Nancy Albert (guest): Sure. I'm Nancy Albert. I am from Cleveland Clinic in Cleveland, Ohio. I'm an Advanced Practice Nurse. I have a heart failure clinic I run on the main campus, and my main job is to be a nurse scientist. I am the Associate Chief Nursing Officer for Research and Innovation throughout our healthcare system in Cleveland and beyond.

Geralyn Warfield (host): Well, we have a great expert sitting across the table from us today, and we're going to start off our conversation talking a little about heart failure prevention. Why don't you tell us a little bit about what it's going to take for us to help our [00:01:00] patients prevent heart failure in the first place?

Nancy Albert (guest): It's really a great discussion we need to have about prevention because most people don't think about it. They think about diagnosis, and once they're diagnosed with heart failure, what are we going to do to prevent it from getting worse, to keep people alive, to keep them feeling like they've got a good quality of life?

But we do need to think about prevention because heart failure is a big problem in the United States.

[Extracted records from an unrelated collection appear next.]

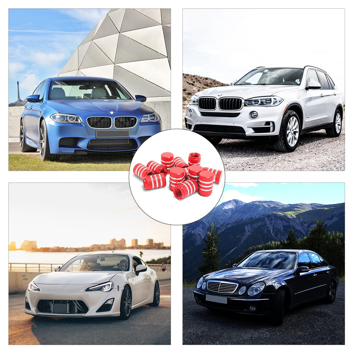 Q: Are these tire valve stem caps compatible with all vehicles?A: Yes, these tire valve stem caps are designed for universal fit, making them suitable for most cars, SUVs, trucks, motorcycles, and bicycles. They can easily replace the original valve caps on your vehicle, enhancing both functionality and aesthetics.
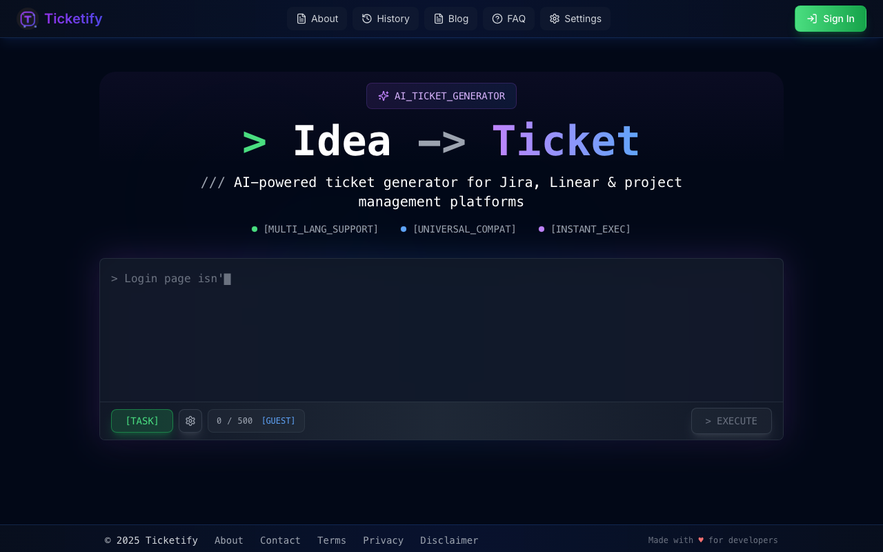 Ticketify es una herramienta de inteligencia artificial especializada en la generación automática de tickets a partir de informes de errores. Esta herramienta está diseñada para ayudar a los desarrolladores a mejorar su flujo de trabajo al automatizar la transformación de los informes de errores en tickets profesionales para plataformas de gestión de proyectos como Jira, Linear y Trello.
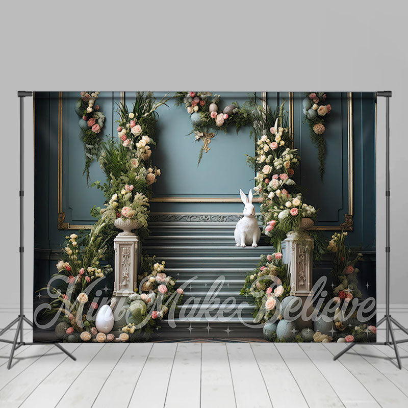 Blau Wand Blumen Eier Weiß Kaninchen Ostern Hintergrund
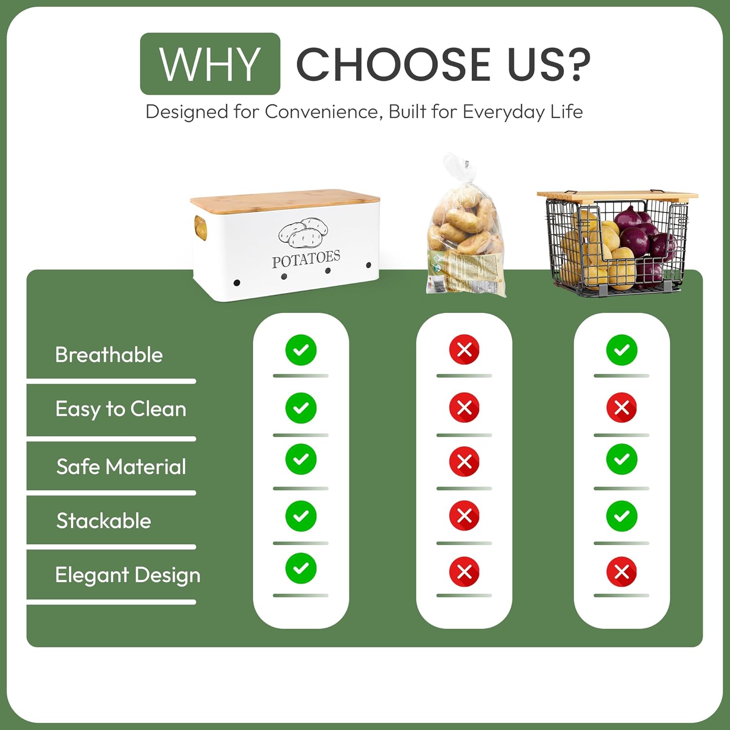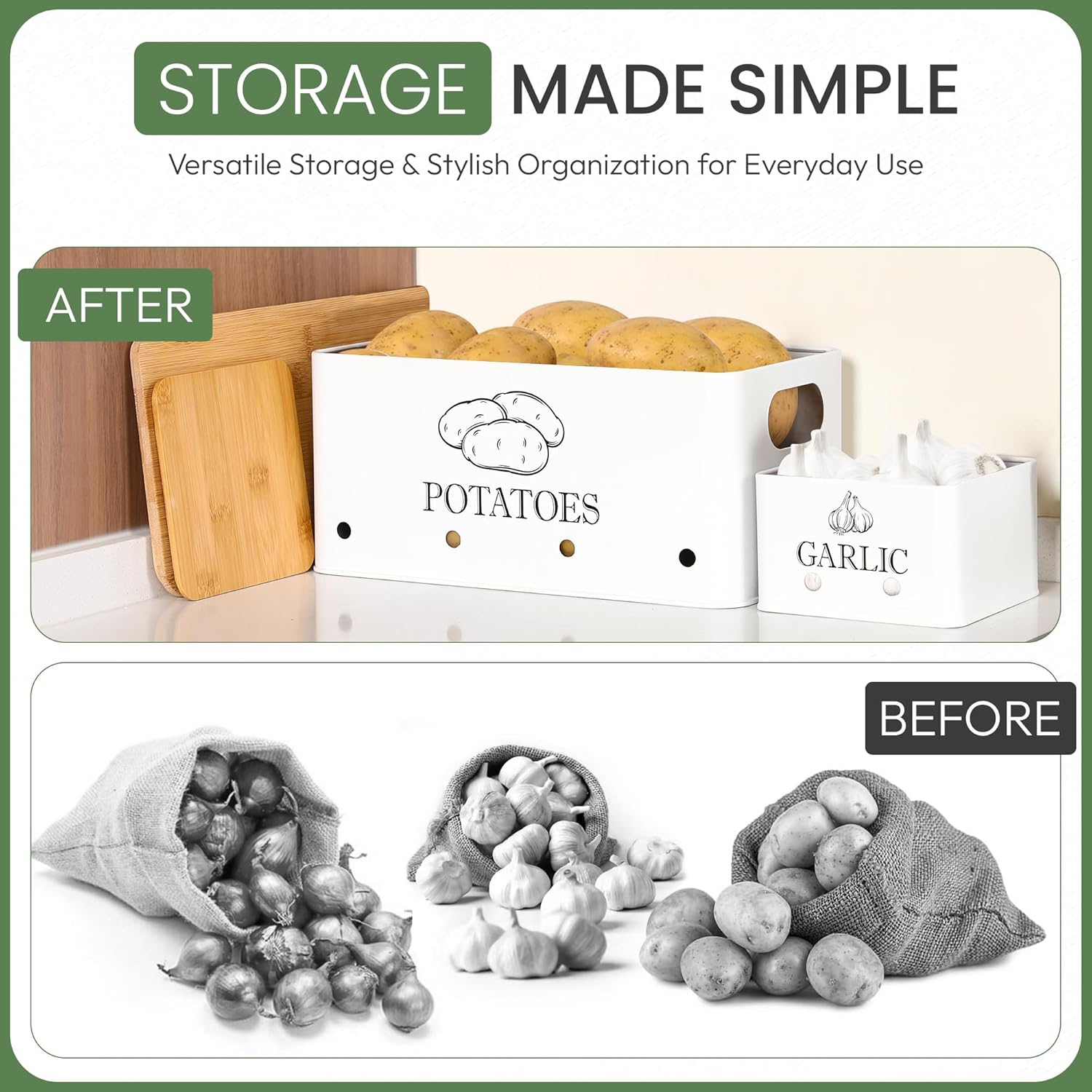 - VEGETABLE STORAGE SET onion garlic potato storage bins help you to remove clutters from your kitchen to maintain a clean countertop and keep your ingredients neatly organized with a touch of elegance and practicality.
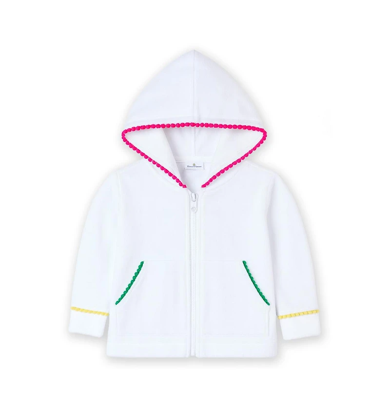 Soft and cozy with a pop of color, this hoodie is crafted from white terry cloth in a comfortable cotton-blend—perfect for layering after a swim or during breezy vacation evenings. Cheerful yellow, pink, and green pom poms add playful charm, while a front zipper makes it easy to slip on and off.Lightweight yet cozy, it s an ideal warm-weather layer for poolside lounging, beach days, and carefree adventures under the sun.
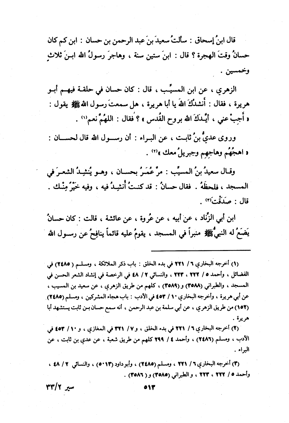 (1) أخرجه البخاري 6 / 221 في بدء الخلق: باب ذكر الملائكة، ومسلم (2485) في الفضائل، وأحمد 5 / 222، 223، والنسائي 2 / 48 في الرخصة في إنشاد الشعر الحسن في المسجد، والطبراني (3588) و (3589) ، كلهم من طريق الزهري، عن سعيد بن المسيب، عن أبي هريرة، وأخرجه البخاري 10 / 453 في الأدب: باب هجاء المشركين، ومسلم (2485) (152) من طريق الزهري، عن أبي سلمة بن عبد الرحمن، أنه سمع حسان بن ثابت يستشهد أبا هريرة.

It's one of the few cardiovascular diseases that's growing in rate, not decreasing in rates as some other cardiovascular diseases are. Along with atrial fib, it's the two, those are the two that are really increasing.

So, we need to think about prevention. And first of all, we need to think about a healthy lifestyle. So, we all know what that means. We may not all follow it, you know, is our weight in control? Are we physically active? Do we have a diet that would be more like a DASH diet, you know, fruits and vegetables, not the white carbs, you know, less red meat, [00:02:00] etc., so that we're eating healthy? So, we need to think about all of those types of things.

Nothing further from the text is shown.